What the task asks:
Begin at the line containing "Macallan Double Cask" in the records below, end at the line containing "6、完成后,一只彩色的兔子就", and retype each line in that span exactly. No other line and no image should appear.

Dataset records:
>>>>>
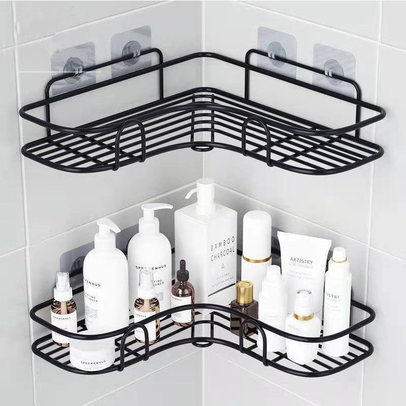 Bathroom kitchen Punch Corner Frame Shower Shelf Wrought Iron Shampoo Storage Rack Holder with Suction Cup bathroom accessories
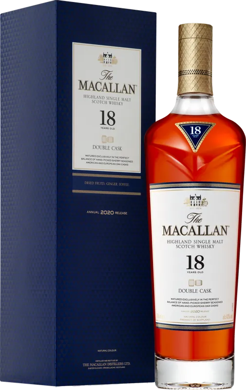 “The Macallan Double Cask 18 Years Old, a perfectly balanced single malt whisky matured for 18 years in both American and European sherry seasoned oak casks. Sherry seasoned American oak adds delicate vanilla to the subtle spice of European oak, delivering a whisky with a sweeter, warmer taste and character.” Tasting Notes
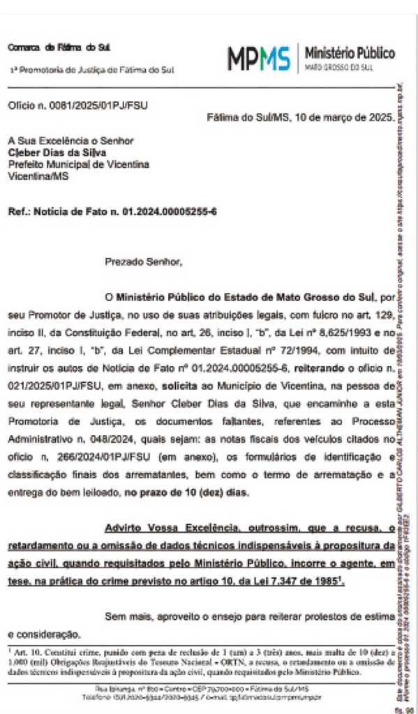 Ele instituiu os autos da Notícia de Fato nº 01.2024.00005255-6 para solicitar ao prefeito de Vicentina, Cleber Dias da Silva (MDB), documentos referentes ao Processo Administrativo nº 266/2024/01PJ/FSU, os formulários de identificação e classificação final dos arrematantes, bem como o termo de arrematação e a entrega do bem leiloado.
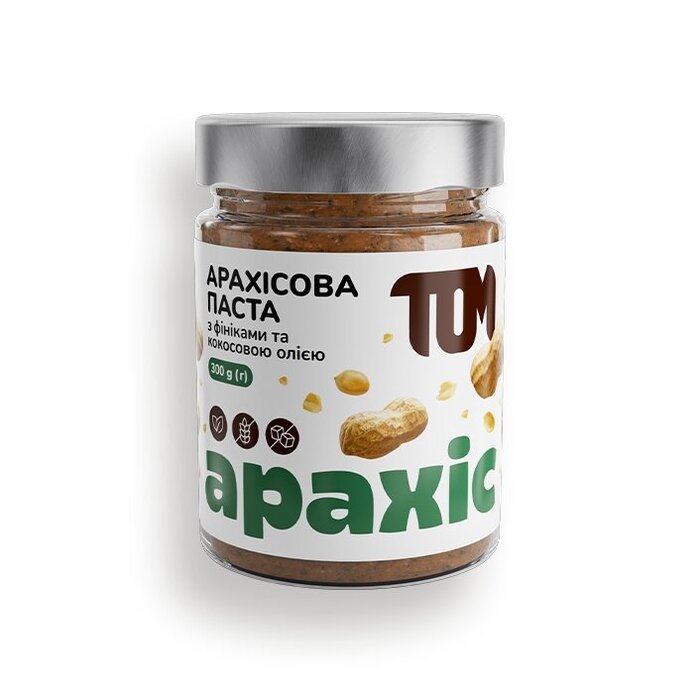 TOM Арахисовая паста с финиками и кокосовым маслом - паста из жареного арахиса от украинского бренда. Эта паста — незаменимый продукт во время массонабора. Также арахис содержит много магния и некоторых витаминов. Подходит всем совершеннолетним людям.
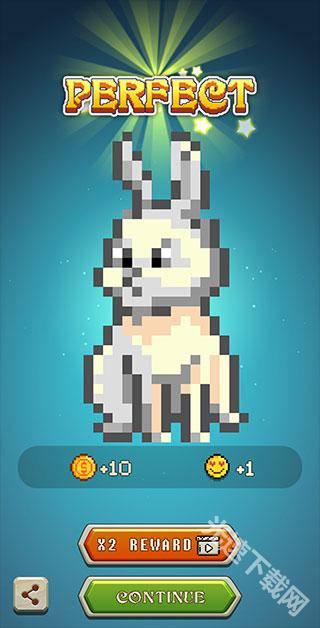 6、完成后,一只彩色的兔子就成功诞生了,把它放到你的像素岛屿上,可以提升你的等级获得相应的奖励哦。
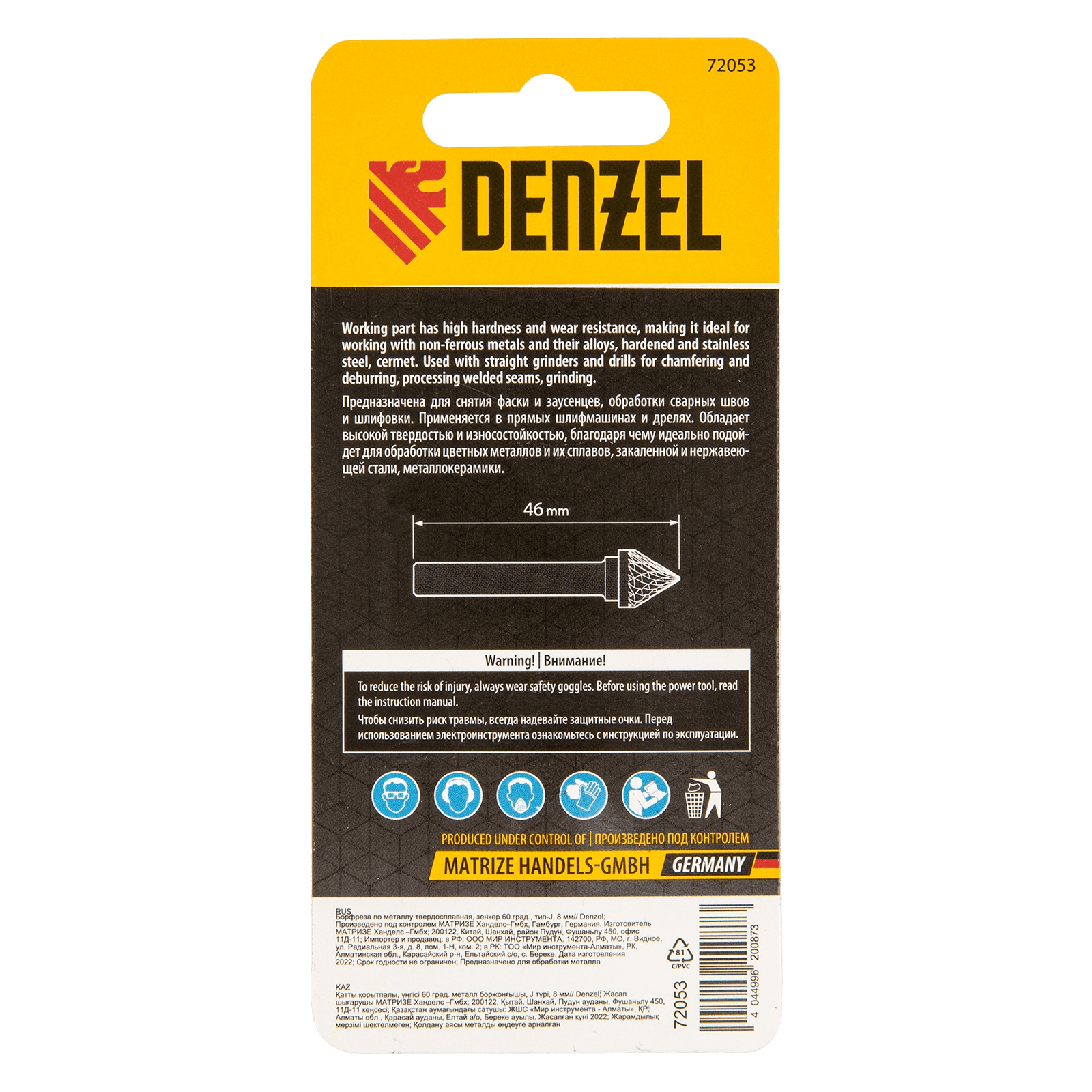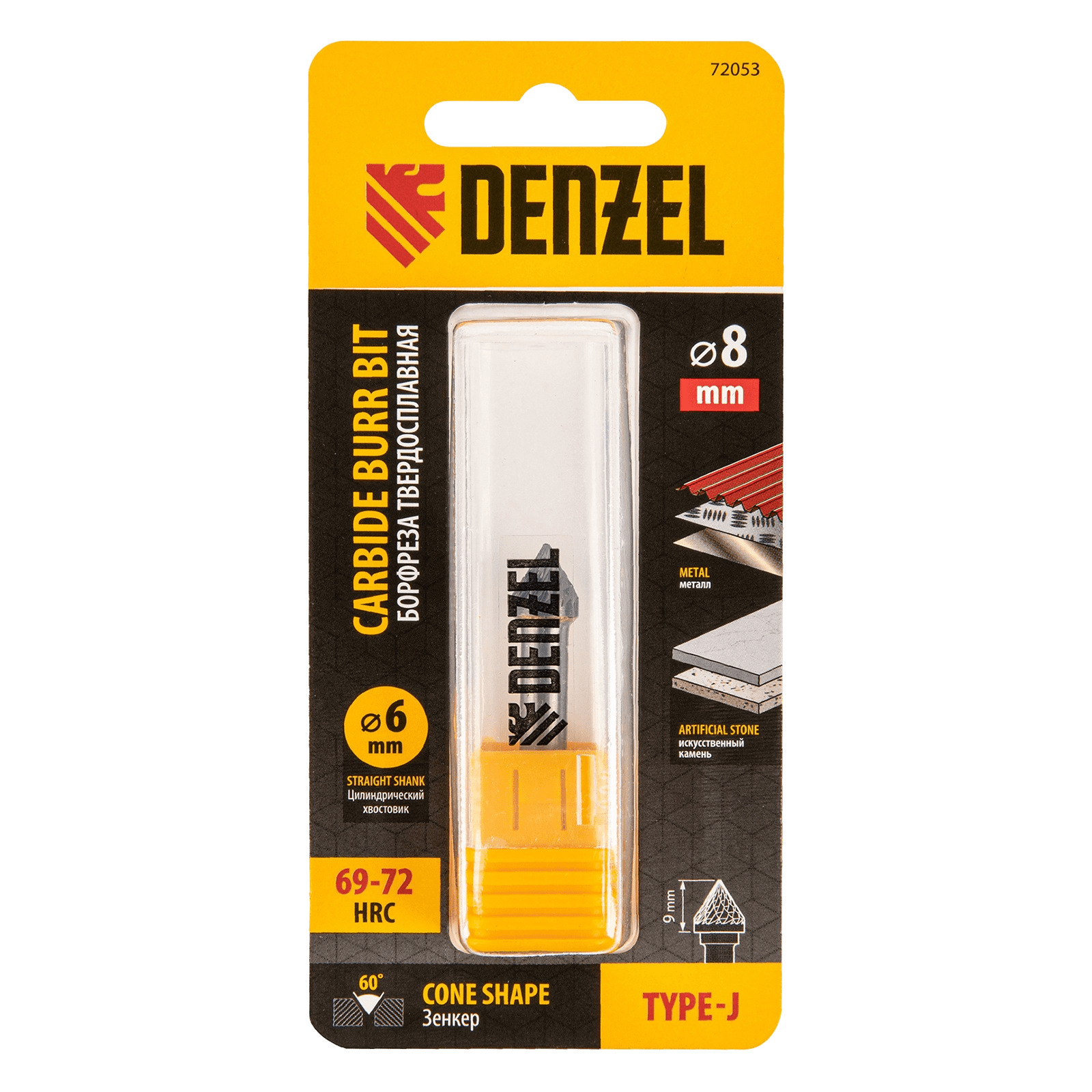 Твердосплавная борфреза по металлу Denzel 72053 с рабочей частью-зенкером с вершиной 60° (тип J), диаметром 8 мм, устанавливается на дрель или прямошлифовальную машину. Используется для обработки закаленной и нержавеющей стали, латуни, бронзы, меди, чугуна, титана, а также металлокерамики и искусственного камня. Оптимальна для снятия фасок и заусенцев, обработки кромок, угловых пазов, краев отверстий.
<<<<<
Answer to the exercise:
 “The Macallan Double Cask 18 Years Old, a perfectly balanced single malt whisky matured for 18 years in both American and European sherry seasoned oak casks. Sherry seasoned American oak adds delicate vanilla to the subtle spice of European oak, delivering a whisky with a sweeter, warmer taste and character.” Tasting Notes
 Ele instituiu os autos da Notícia de Fato nº 01.2024.00005255-6 para solicitar ao prefeito de Vicentina, Cleber Dias da Silva (MDB), documentos referentes ao Processo Administrativo nº 266/2024/01PJ/FSU, os formulários de identificação e classificação final dos arrematantes, bem como o termo de arrematação e a entrega do bem leiloado.
 TOM Арахисовая паста с финиками и кокосовым маслом - паста из жареного арахиса от украинского бренда. Эта паста — незаменимый продукт во время массонабора. Также арахис содержит много магния и некоторых витаминов. Подходит всем совершеннолетним людям.
 6、完成后,一只彩色的兔子就成功诞生了,把它放到你的像素岛屿上,可以提升你的等级获得相应的奖励哦。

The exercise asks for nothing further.